The instruction is objected to on the ground that it ignores material facts in the case. The following, which is not abstracted, appears in the record. In the examination of Ernst, Meyer’s landlord, the clause in the contract quoted. supra, providing that if Ernst should refuse to consent to the assignment of the lease, the contract should be void, was referred to by the court, the court saying: “How show me that provision in the contract. That is virtually all that is in this case, isn’t it?” To which Mr. Lanaghen,appellant’s attorney, answered, “ I think so.” The court then read the clause in full, and said: “ That is all there is in the case to go to the jury on, if Meyer refused to assign that lease, that ends the case.” Mr. Lanaghen: “ You mean Mr. Ernst.” The court: “ Mr. Ernst.”

The appellant having, by his attorney, thus assented to the statement of the court that the only question of fact to •go to the jury on was whether Ernst consented to the assignment of the lease, is estopped to complain that the instruction made the verdict to depend on the decision of that question.
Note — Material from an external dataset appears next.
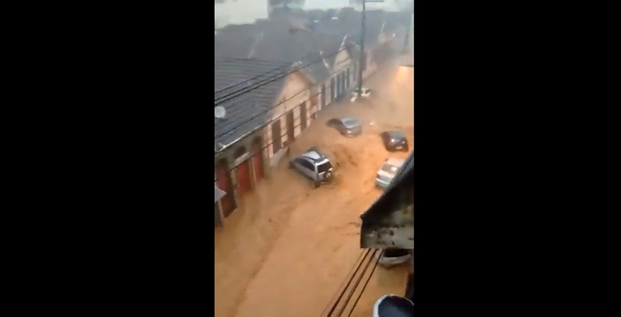 Βίντεο που ανέβηκαν στα social media δείχνουν δρόμους που έχουν μετατραπεί σε χείμαρρους, με το νερό να παρασέρνει τα πάντα στον διάβα του, όπως πριν από έναν μήνα, όταν σημειώθηκε η χειρότερη καταστροφή στην ιστορία της Πετρόπολις, της ορεινής τουριστικής πόλης περίπου 60 χιλιόμετρα από το Ρίο ντε Τζανέιρο.

The verdict of the jury and the judgment are as follows:

“ We, the jury, find the defendant guilty and that the right to possession of the property in question is in the plaintiff, and assess the plaintiff’s damages at the sum of two hundred ($200) dollars.”

“ Therefore it is considered by the court that the plaintiff do have and retain the property replevied by virtue of the writ of replevin issued in said cause, and do have and recover of and from the defendant, O. O. Eowersock, his said damages of two hundred dollars in form as aforesaid by the jury assessed for the detention of the property herein, together with his costs and charges in this behaif as well as in the court below expended, and have execution therefor.”

The judgment is informal in so far as it provides “ that *402the plaintiff do have and retain the property replevied,” etc., and for this reason counsel object to it. The error is not substantial, and can not in the least prejudice the appellant, because the record shows that the property was not replevied, that the appellee has it not, and, consequently, can not retain it.